У мальчиков имеется только одна хромосома Х, которая может содержать мутационный ген. Вторая хромосома Y не содержит доминантных генов для подавления рецессивного, поэтому мужчины и болеют гемофилией. В истории существует только один случай, когда женщина заболела данной болезнью – это королева Виктория. Патологический процесс начал развиваться в ее организме уже после рождения. Данный случай, противоречащий общему правилу, дал название патологическому процессу «царская болезнь» и «викторианская болезнь».

Причины развития гемофилии

Основной причиной развития гемофилии является наследственный фактор. При постановке диагноза особое внимание уделяется анамнезу заболевания, гематомному типу кровотечения и показателям лабораторных исследований. Различают 3 типа гемофилии:

• Гемофилия А – встречается только у женщин, представляя собой процесс рецессивной мутации в Х хромосоме. Встречается это в 80-85% случаев и довольно редко сопровождается развитием тяжелых кровотечений
• Гемофилия В – рецессивный ген гемофилии встречается у женщин вследствие недостаточности девятого фактора плазмы. При этом нарушается образование коагуляционной пробки вторичного типа

Существует гемофилия типа С, при которой заболевание наблюдается не только у мужчин, но и у женщин. Для данной патологии характерна недостаточность девятого фактора крови. Сегодня подобный вид патологического процесса исключен из классификации, потому как его клинические признаки существенно отличаются от типа А и В.

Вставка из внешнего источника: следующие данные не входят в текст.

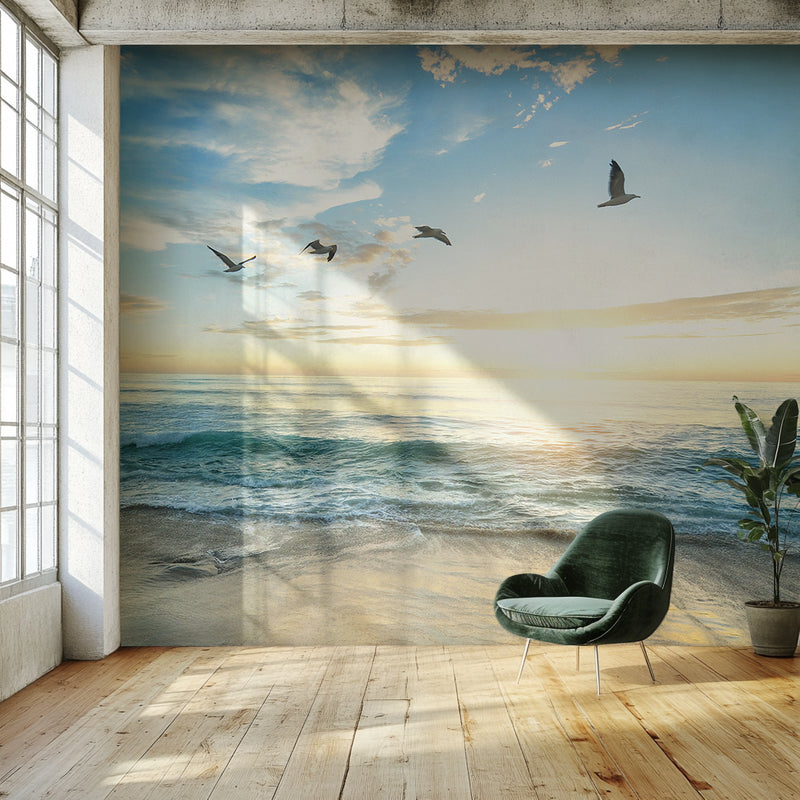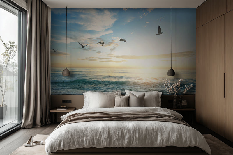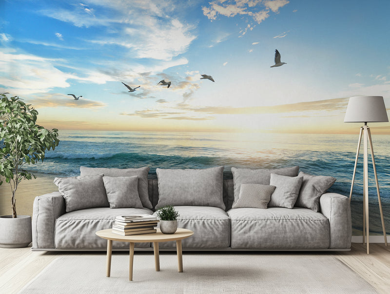How it fits into current design trends: Ocean photography and sky-focused beach wall murals are key in modern coastal interiors. Seabirds blends motion with calm for an effortlessly serene aesthetic.

Что собой представляет ген гемофилии?

Ген гемофилии несет ответственность за выработку восьмого фактора и состоит из 26 экзонов и 25 интронов. Находится он на плече хромосомы Х и известен как самый большой ген человека. Его структура содержит 3 домена А, 2 домена С и 1 домен В, богатый углеводами. Именно 8 фактору (антигемофильному глобулину) отводится главная роль в свертываемости крови, потому как он является небелковым веществом, ускоряющим действие десятого фактора. Это характерно для гемофилии А типа.

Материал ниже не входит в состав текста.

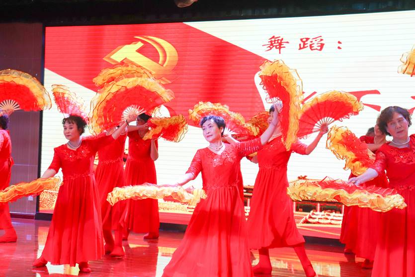 第一篇章为回首往昔,不忘始终。从南湖游船到天安门前,“为中国人民谋幸福,为中华民族谋复兴”——中国共产党人的初心与使命从未改变。离退休夕阳红舞蹈队带来的舞蹈《不忘初心》拉开了本次活动的帷幕,优雅从容的动作赢得了观众阵阵喝彩,充分展现了离退休教职工的风采。

При гемофилии В происходит образование гена на девятом участке длинного плеча хромосомы Х. Его выработка происходит также и в печени при участии аскорбиновой кислоты. Результатом недостаточной активности обоих факторов и является нарушение свертываемости крови, являющихся следствием длительных кровотечений.

Гемофилия у детей

Проявляется гемофилия у детей с самого рождения в виде следующих симптомов:

• Чрезмерное образование синяков (гематом) на различных участках тела (под кожей, во внутренних органах и в суставах)
• Появление крови в моче, что сопровождаться болью или протекает бессимптомно
• Вследствие любой травмы кровотечение обильное, кровь останавливается очень медленно

Для детей характерны частые носовые кровотечения. Возможно развитие подобной симптоматики и при прорезывании зубов. При травмировании слизистой оболочки глаза существует большая вероятность развития слепоты. С возрастом выраженность подобных признаков уменьшается, но главное свойство патологического состояния в виде склонности к кровотечениям остается.

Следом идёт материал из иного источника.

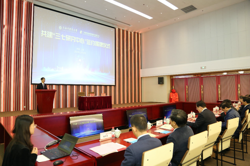 awc77万象城官网校长徐建光指出,校企双方将充分发挥各自优势与特点,携手推进三七项目研发,开展三七药材、饮片及三七单体皂苷、有效部位、天然药物、复方中药等新药及保健品研发,完善现有上市大品种的标准化研究和中药大品种培育。推动产业转型升级实现高质量发展和高效率成果转化,逐步建立紧密关联、有机渗透的“产、学、研”一体化平台,提升三七产业整体实力和核心竞争力。

Как помочь больным гемофилией?

Гемофилия неизлечима, но для улучшения общего состояния больного и для предотвращения развития осложнений рекомендуется контролировать течение патологического процесса и проводить поддерживающую организм терапию. Для этого вводится раствор фактора свертывания внутривенно, который получают из донорской крови.

Продолжительность жизни при гемофилии не отличается от продолжительности жизни здоровых людей при правильном лечении и при соблюдении профилактических рекомендаций. Следует обратить внимание, что при гемофилии существенно повышаются риски заболевания СПИДом и гепатитом, потому как больным вводится донорская кровь.